### EXERCISE BRIEF
A single number is the answer: how many lines of the entries contain the word "الحزب"?

= Beginning of Section =

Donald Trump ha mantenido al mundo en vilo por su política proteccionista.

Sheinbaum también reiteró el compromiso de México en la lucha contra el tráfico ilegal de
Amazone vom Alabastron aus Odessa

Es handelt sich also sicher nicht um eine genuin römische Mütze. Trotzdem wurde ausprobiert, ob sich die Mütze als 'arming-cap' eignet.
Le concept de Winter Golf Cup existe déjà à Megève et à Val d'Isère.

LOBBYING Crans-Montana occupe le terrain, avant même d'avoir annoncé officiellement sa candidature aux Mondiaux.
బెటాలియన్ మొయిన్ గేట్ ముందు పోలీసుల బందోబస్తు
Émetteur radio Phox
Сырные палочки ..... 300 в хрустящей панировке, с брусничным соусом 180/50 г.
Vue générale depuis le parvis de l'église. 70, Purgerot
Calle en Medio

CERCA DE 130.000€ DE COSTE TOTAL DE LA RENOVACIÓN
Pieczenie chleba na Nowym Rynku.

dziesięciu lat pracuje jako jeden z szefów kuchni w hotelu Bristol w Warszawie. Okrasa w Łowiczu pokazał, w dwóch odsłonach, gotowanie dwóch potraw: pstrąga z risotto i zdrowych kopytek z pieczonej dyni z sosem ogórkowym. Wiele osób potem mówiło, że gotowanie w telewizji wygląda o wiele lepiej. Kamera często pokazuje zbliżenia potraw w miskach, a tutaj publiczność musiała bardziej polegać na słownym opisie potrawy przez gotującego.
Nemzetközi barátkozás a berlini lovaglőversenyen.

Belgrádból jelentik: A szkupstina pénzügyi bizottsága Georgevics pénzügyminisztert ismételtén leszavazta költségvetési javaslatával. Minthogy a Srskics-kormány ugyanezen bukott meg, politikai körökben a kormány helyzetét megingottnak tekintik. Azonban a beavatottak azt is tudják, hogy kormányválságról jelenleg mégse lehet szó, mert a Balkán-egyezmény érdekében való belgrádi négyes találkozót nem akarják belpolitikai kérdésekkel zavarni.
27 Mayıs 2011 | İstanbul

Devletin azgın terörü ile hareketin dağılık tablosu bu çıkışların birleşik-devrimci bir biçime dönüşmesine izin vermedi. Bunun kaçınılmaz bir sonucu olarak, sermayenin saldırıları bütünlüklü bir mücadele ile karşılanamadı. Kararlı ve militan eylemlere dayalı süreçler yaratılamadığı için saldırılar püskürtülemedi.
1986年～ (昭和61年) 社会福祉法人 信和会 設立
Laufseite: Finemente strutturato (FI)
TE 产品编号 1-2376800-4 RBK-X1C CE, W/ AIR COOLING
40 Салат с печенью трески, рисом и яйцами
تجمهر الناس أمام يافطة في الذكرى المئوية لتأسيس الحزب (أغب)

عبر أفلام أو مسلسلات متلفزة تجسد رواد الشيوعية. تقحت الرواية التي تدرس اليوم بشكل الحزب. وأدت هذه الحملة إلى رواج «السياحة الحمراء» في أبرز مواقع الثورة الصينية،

= End of Section =

### EXERCISE ANSWER
2